Data extracts section start

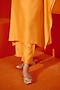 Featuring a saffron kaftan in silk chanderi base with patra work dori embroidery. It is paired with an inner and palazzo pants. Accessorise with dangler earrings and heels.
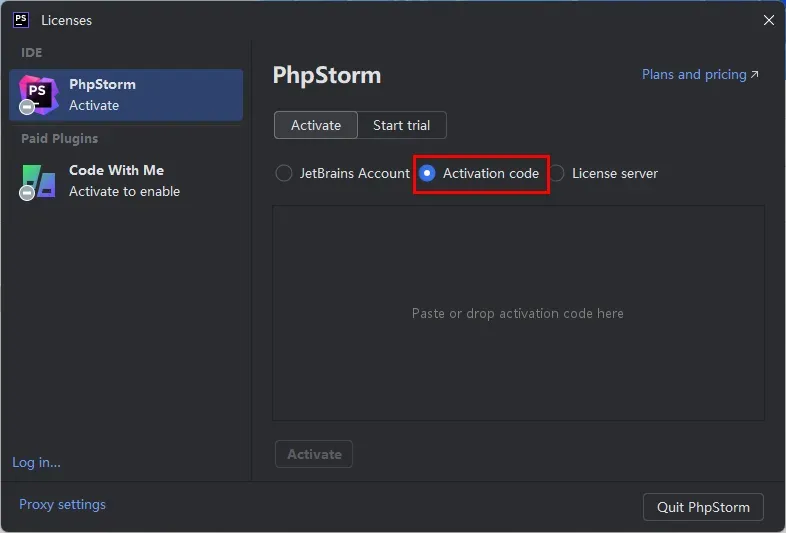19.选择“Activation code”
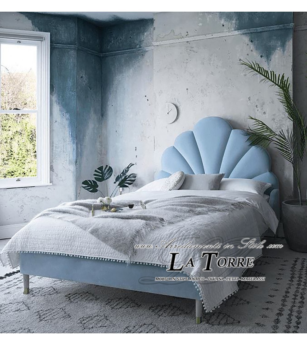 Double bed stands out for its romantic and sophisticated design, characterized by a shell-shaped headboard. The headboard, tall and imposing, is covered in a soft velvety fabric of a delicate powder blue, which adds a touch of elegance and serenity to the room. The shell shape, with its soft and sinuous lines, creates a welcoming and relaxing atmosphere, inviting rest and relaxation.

Data extracts section end
Data extracts section start

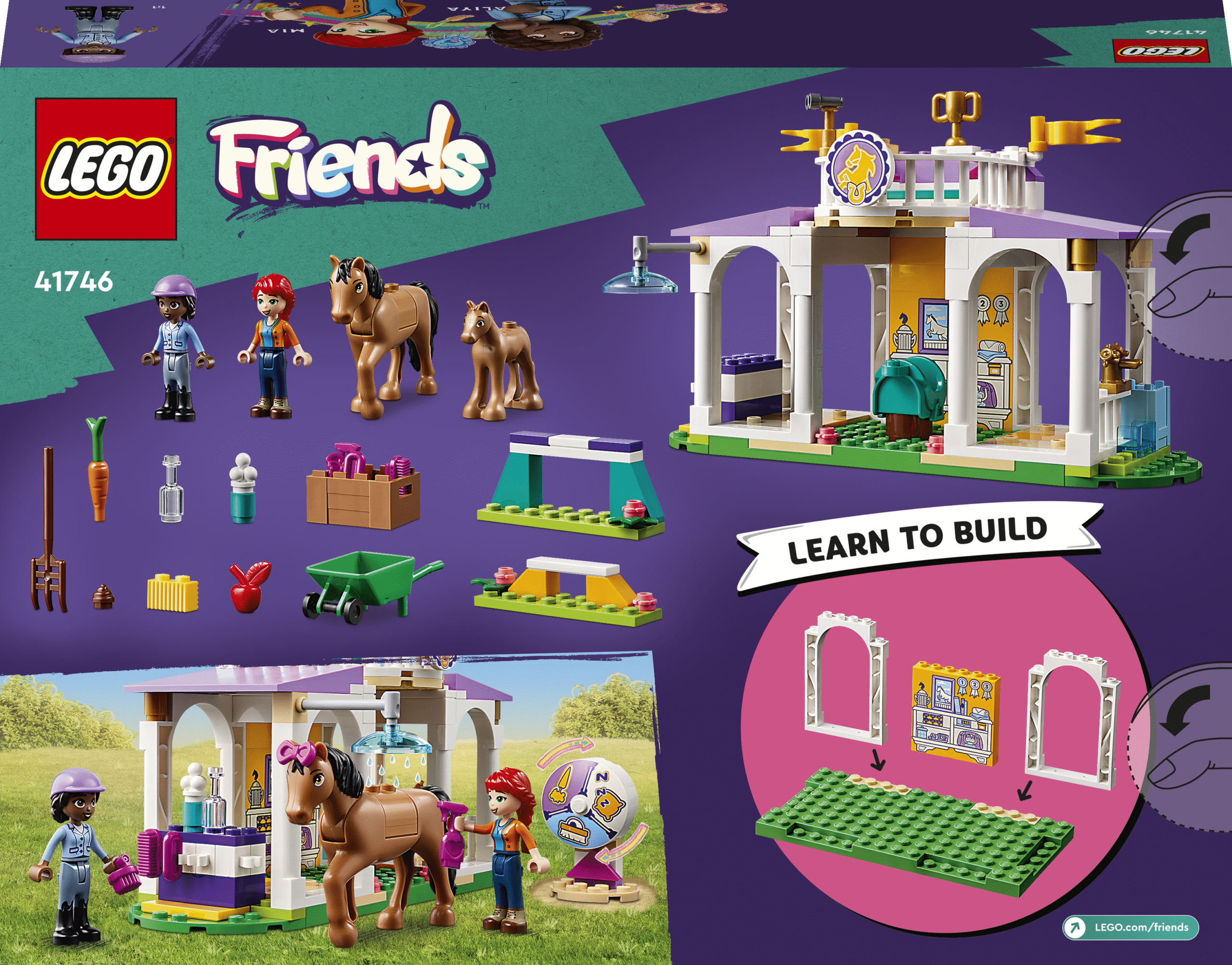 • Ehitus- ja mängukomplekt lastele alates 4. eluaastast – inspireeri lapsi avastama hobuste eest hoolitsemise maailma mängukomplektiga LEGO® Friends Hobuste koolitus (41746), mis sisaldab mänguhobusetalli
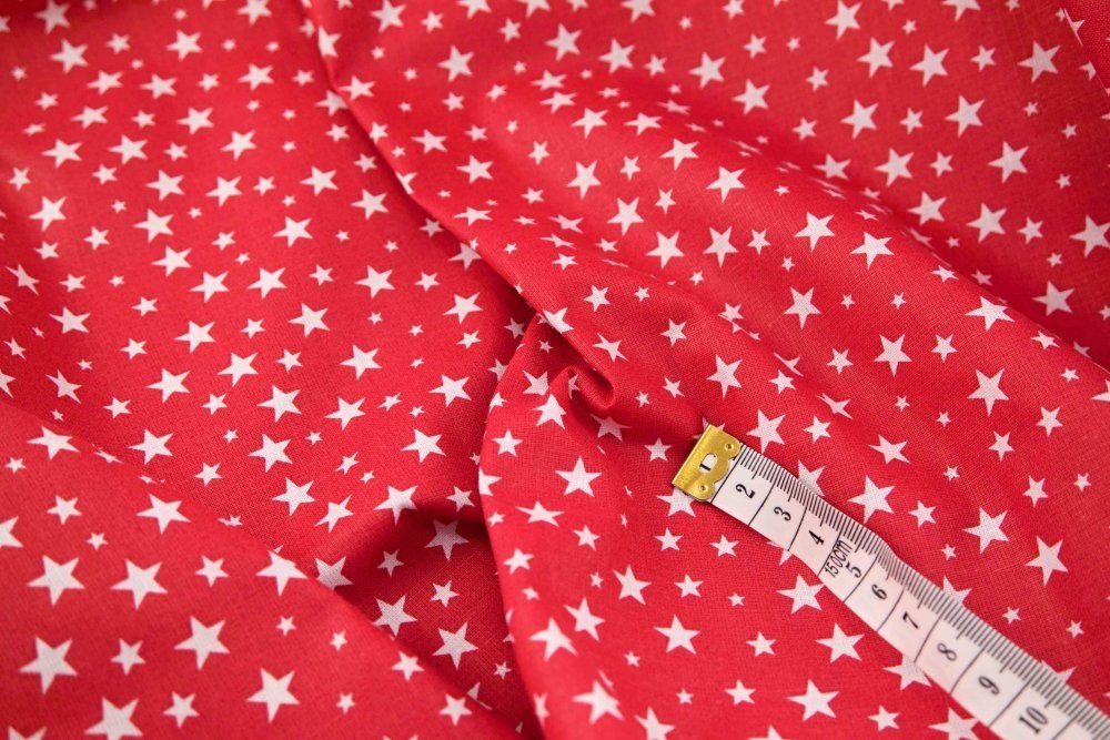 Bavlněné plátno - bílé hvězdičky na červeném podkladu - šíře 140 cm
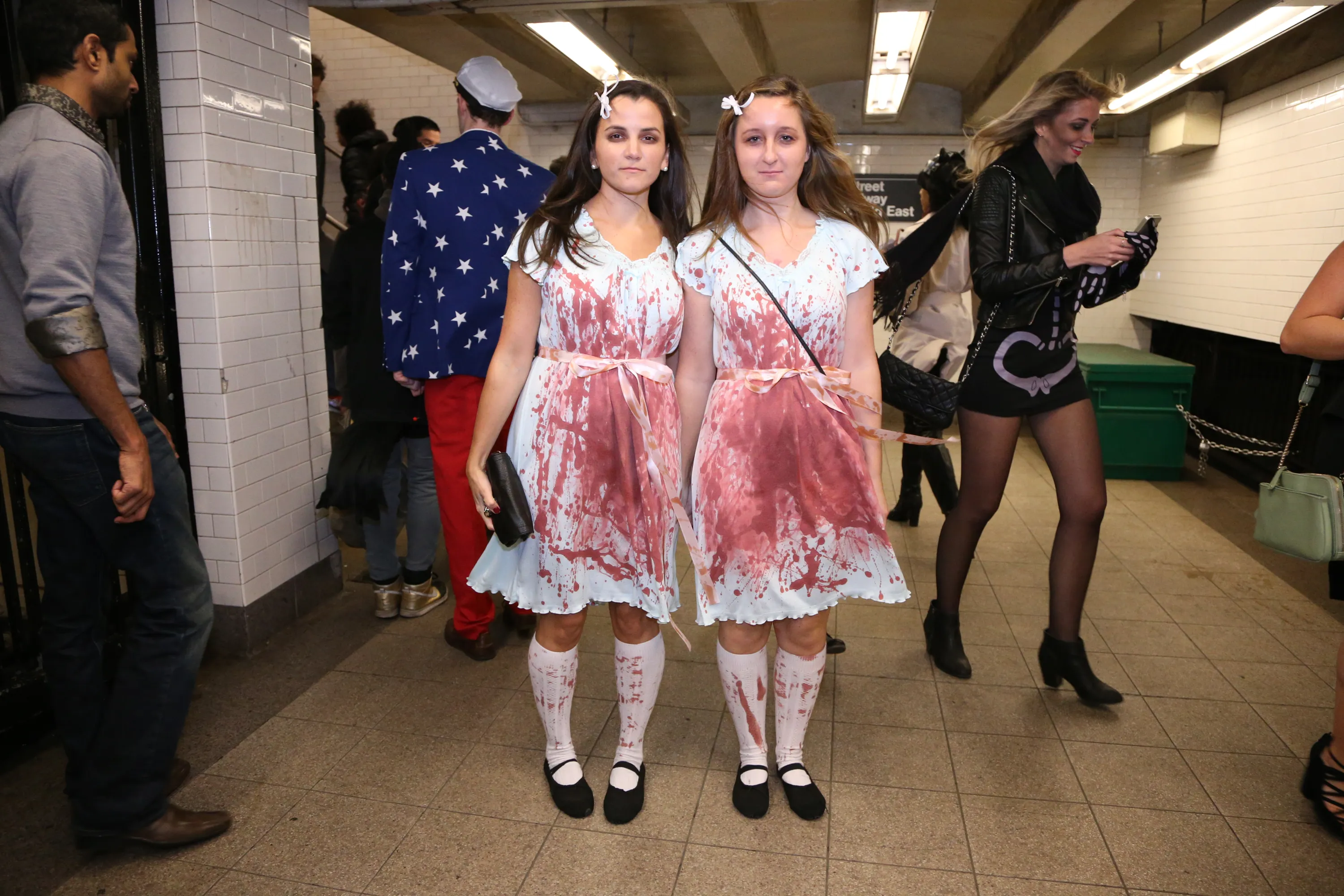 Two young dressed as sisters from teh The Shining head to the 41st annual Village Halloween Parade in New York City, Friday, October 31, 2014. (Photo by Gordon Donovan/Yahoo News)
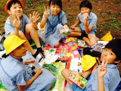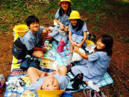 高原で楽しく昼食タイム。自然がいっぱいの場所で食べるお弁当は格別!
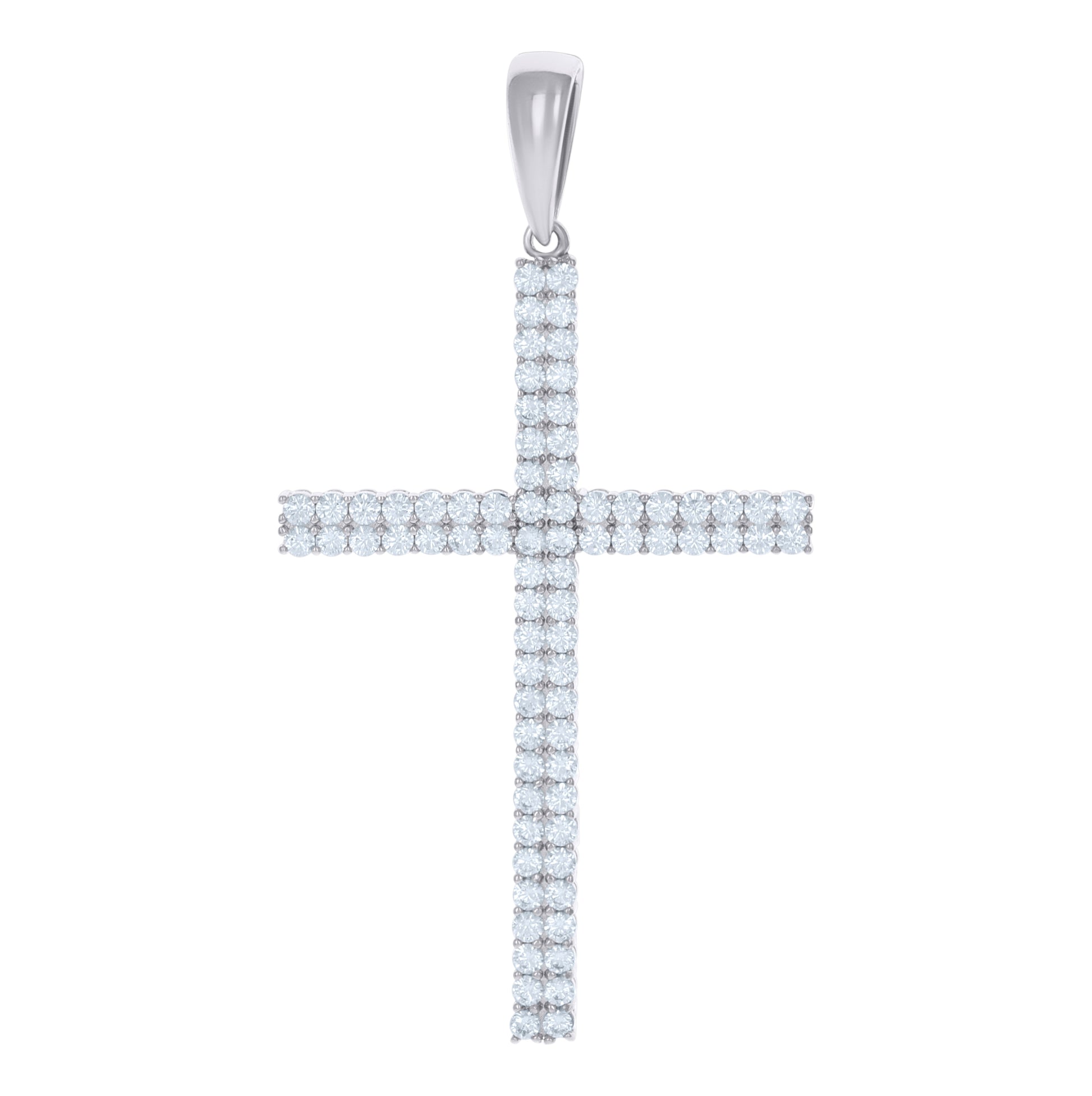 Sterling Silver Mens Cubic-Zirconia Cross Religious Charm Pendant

Data extracts section end

> Work request:
Above, find the line holding "Featuring a saffron" and the line holding "Double bed stands". Print exactly those two lines and every line between them, but no pictures.

> Task answer:
 Featuring a saffron kaftan in silk chanderi base with patra work dori embroidery. It is paired with an inner and palazzo pants. Accessorise with dangler earrings and heels.
19.选择“Activation code”
 Double bed stands out for its romantic and sophisticated design, characterized by a shell-shaped headboard. The headboard, tall and imposing, is covered in a soft velvety fabric of a delicate powder blue, which adds a touch of elegance and serenity to the room. The shell shape, with its soft and sinuous lines, creates a welcoming and relaxing atmosphere, inviting rest and relaxation.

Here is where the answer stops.